Listed records =>

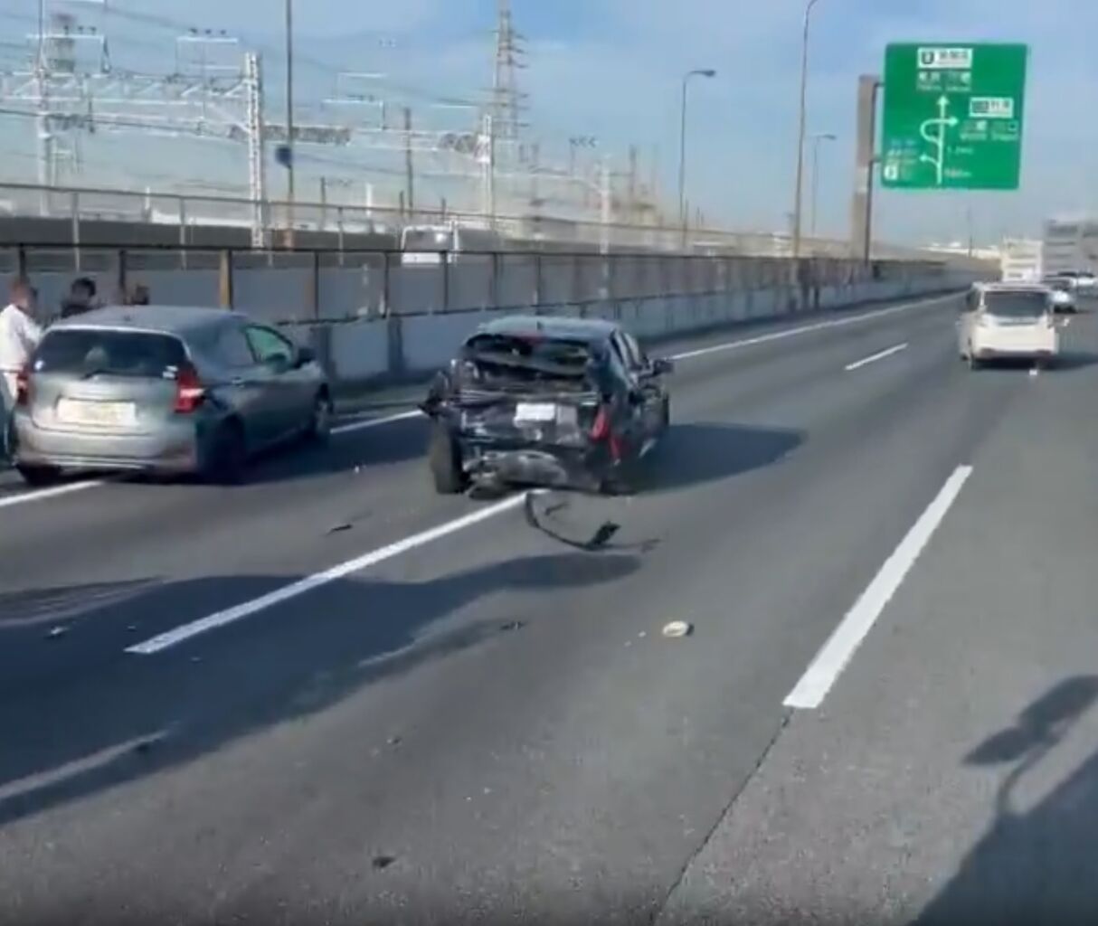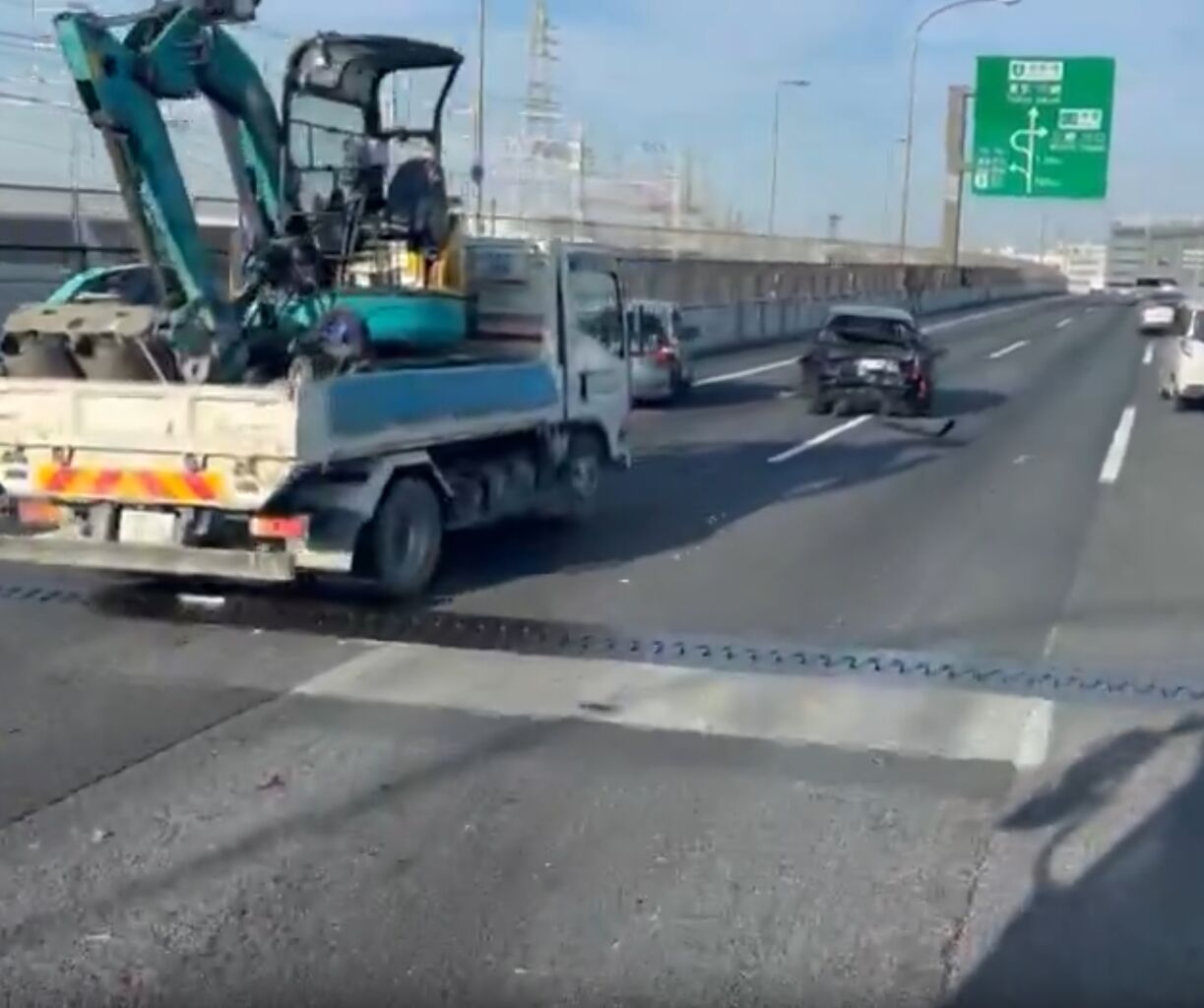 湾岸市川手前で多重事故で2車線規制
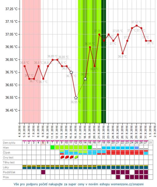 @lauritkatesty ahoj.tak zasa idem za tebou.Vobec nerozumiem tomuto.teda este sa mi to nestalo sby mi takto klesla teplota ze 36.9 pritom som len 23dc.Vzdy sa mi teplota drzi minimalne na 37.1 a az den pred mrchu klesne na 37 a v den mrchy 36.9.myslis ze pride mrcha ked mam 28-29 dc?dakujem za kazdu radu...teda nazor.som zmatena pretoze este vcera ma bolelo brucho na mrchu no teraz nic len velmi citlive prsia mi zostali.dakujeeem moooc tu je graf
...
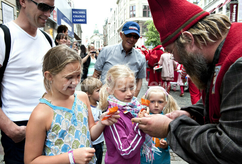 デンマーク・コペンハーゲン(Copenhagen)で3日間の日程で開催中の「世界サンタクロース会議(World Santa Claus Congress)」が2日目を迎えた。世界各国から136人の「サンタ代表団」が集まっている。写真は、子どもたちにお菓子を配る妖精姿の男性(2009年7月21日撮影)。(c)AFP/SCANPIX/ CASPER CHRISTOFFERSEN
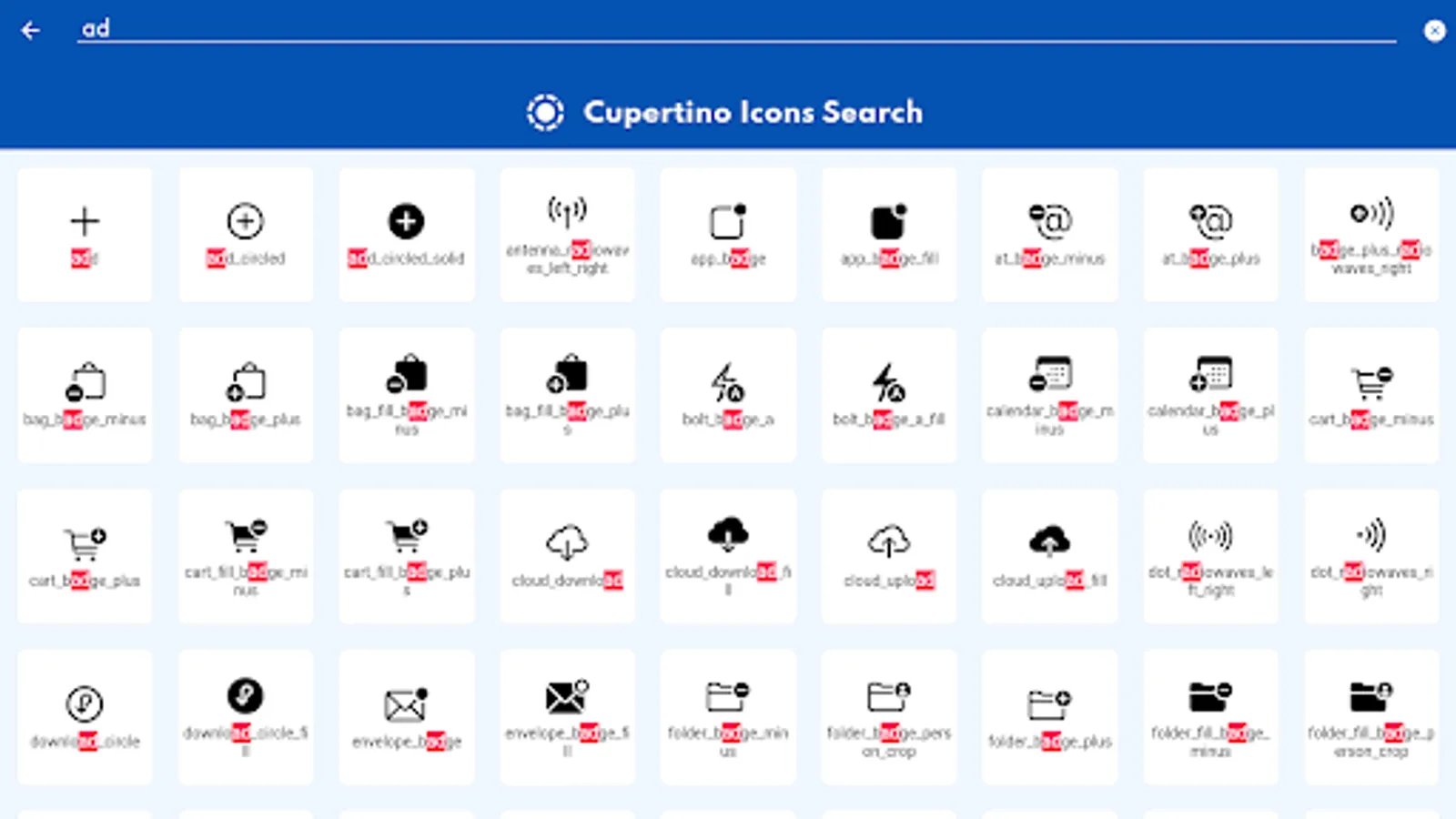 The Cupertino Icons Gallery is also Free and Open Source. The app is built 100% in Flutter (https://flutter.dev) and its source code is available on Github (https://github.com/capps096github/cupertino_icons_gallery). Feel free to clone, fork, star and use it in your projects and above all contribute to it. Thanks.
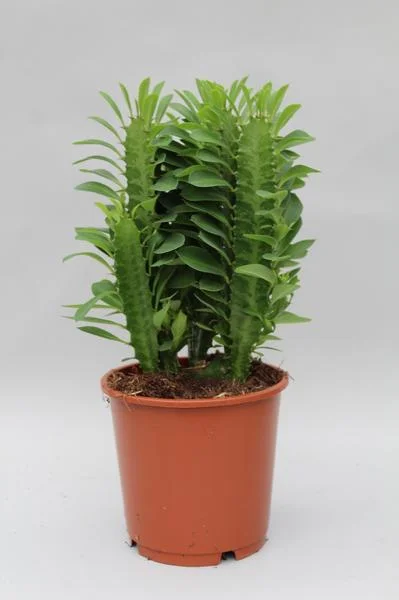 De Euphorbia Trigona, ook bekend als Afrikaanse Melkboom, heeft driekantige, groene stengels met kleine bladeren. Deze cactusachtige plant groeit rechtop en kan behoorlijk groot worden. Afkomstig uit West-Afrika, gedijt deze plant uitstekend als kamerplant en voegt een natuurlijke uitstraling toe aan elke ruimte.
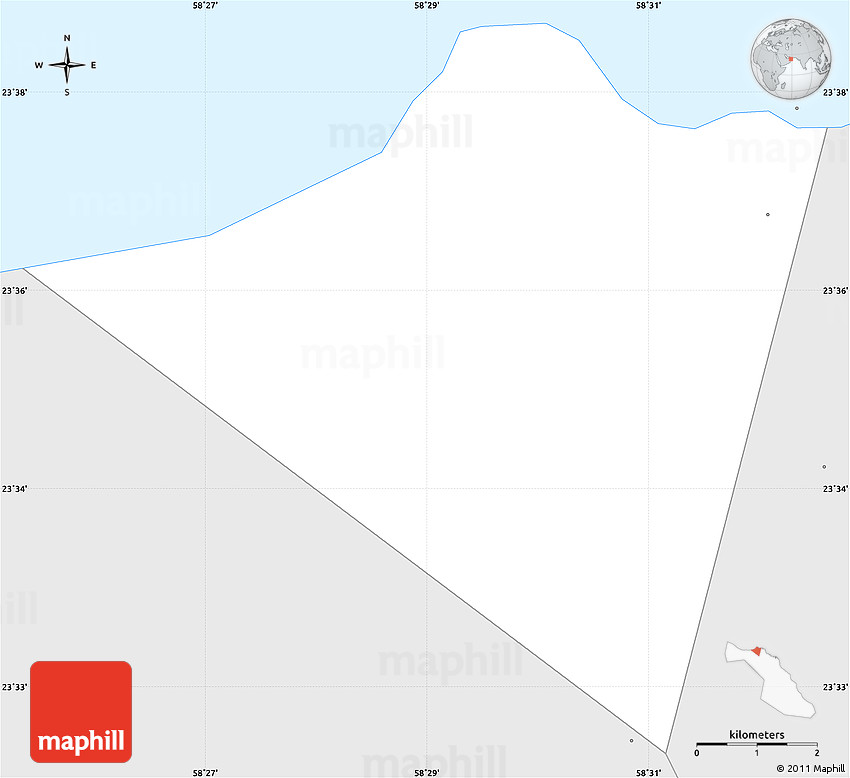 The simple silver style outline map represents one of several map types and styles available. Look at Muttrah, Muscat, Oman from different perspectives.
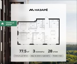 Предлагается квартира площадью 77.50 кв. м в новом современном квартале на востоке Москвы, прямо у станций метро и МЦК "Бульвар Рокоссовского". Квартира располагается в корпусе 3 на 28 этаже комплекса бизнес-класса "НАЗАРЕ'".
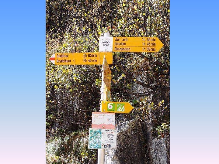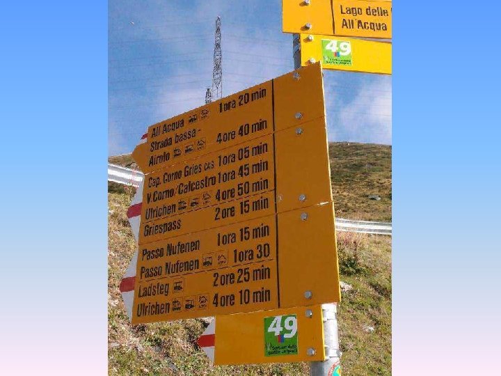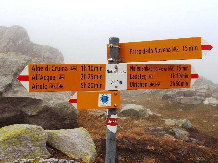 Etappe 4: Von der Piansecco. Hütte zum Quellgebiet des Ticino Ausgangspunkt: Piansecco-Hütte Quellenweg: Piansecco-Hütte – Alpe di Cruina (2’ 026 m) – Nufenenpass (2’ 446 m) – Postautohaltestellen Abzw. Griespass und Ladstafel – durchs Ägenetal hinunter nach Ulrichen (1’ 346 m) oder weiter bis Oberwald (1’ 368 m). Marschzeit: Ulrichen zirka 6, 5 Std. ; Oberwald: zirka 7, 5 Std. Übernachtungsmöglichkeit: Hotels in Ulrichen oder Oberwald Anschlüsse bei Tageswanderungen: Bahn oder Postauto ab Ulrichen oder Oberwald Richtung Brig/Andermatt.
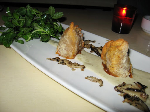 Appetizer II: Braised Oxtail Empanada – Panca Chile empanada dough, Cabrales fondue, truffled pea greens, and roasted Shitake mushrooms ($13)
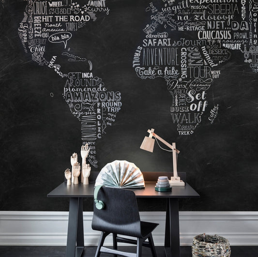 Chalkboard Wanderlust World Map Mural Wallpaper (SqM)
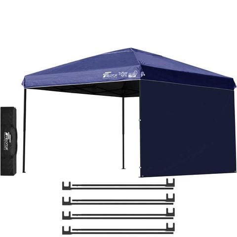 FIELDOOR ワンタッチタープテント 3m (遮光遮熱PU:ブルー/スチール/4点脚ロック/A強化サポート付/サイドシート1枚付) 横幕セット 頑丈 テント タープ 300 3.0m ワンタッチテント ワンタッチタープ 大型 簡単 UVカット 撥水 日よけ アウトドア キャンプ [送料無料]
==
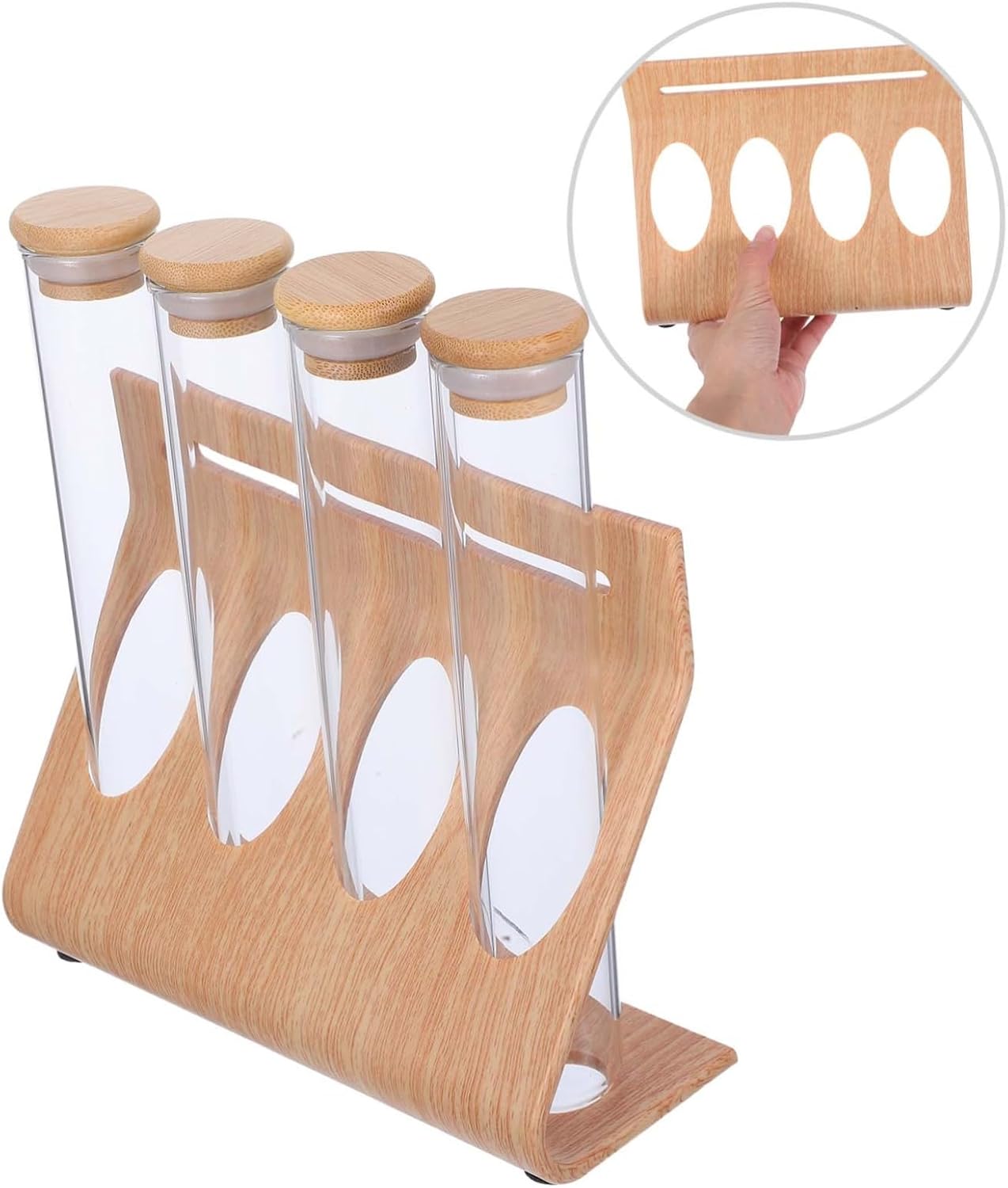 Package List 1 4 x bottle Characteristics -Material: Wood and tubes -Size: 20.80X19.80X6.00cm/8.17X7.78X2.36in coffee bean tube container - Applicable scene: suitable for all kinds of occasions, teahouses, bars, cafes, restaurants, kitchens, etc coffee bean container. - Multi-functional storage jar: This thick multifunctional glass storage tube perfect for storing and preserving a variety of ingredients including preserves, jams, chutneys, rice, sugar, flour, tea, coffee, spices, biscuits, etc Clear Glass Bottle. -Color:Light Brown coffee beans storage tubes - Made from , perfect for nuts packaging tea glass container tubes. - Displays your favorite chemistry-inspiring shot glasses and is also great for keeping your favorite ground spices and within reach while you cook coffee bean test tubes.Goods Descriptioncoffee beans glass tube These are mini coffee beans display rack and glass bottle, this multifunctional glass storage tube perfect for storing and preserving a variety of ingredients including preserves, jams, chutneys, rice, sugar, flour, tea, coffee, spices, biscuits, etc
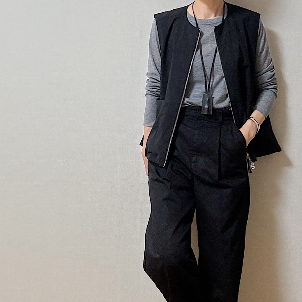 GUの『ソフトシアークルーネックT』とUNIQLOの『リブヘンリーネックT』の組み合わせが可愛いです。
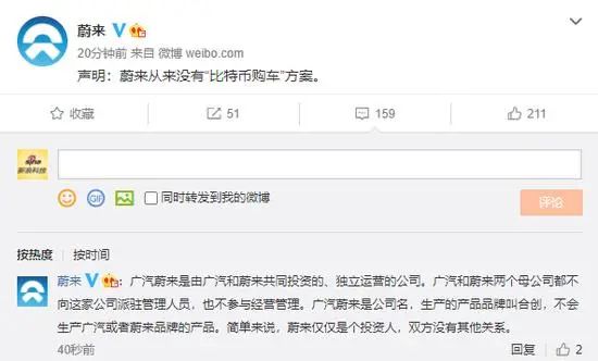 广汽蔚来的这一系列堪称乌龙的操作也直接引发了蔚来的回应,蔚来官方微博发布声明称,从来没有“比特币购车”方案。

What you have to do =>
Would you restate, exactly and with no pictures, the lines of the entries above from the one containing "湾岸市川手前で多重事故で2車線規制" through the one containing "moooc tu je graf"?

Exercise answer =>
 湾岸市川手前で多重事故で2車線規制
 @lauritkatesty ahoj.tak zasa idem za tebou.Vobec nerozumiem tomuto.teda este sa mi to nestalo sby mi takto klesla teplota ze 36.9 pritom som len 23dc.Vzdy sa mi teplota drzi minimalne na 37.1 a az den pred mrchu klesne na 37 a v den mrchy 36.9.myslis ze pride mrcha ked mam 28-29 dc?dakujem za kazdu radu...teda nazor.som zmatena pretoze este vcera ma bolelo brucho na mrchu no teraz nic len velmi citlive prsia mi zostali.dakujeeem moooc tu je graf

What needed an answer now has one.